Task directions:
Reproduce the records below exactly, but only between the lines holding "This who am" and "為了讓理論和實踐相結(jié", inclusive.

Records provided:

= Beginning of Section =

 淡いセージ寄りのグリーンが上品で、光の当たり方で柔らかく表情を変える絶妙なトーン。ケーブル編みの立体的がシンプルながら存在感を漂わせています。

= End of Section =
= Beginning of Section =

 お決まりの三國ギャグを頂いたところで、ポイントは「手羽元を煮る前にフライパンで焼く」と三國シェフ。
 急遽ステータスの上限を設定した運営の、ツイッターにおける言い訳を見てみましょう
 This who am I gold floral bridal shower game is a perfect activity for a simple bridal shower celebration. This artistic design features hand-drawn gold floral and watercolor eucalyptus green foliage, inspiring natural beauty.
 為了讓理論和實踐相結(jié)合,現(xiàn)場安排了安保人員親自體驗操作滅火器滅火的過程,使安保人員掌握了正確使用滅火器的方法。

= End of Section =

Solved problem:
 This who am I gold floral bridal shower game is a perfect activity for a simple bridal shower celebration. This artistic design features hand-drawn gold floral and watercolor eucalyptus green foliage, inspiring natural beauty.
 為了讓理論和實踐相結(jié)合,現(xiàn)場安排了安保人員親自體驗操作滅火器滅火的過程,使安保人員掌握了正確使用滅火器的方法。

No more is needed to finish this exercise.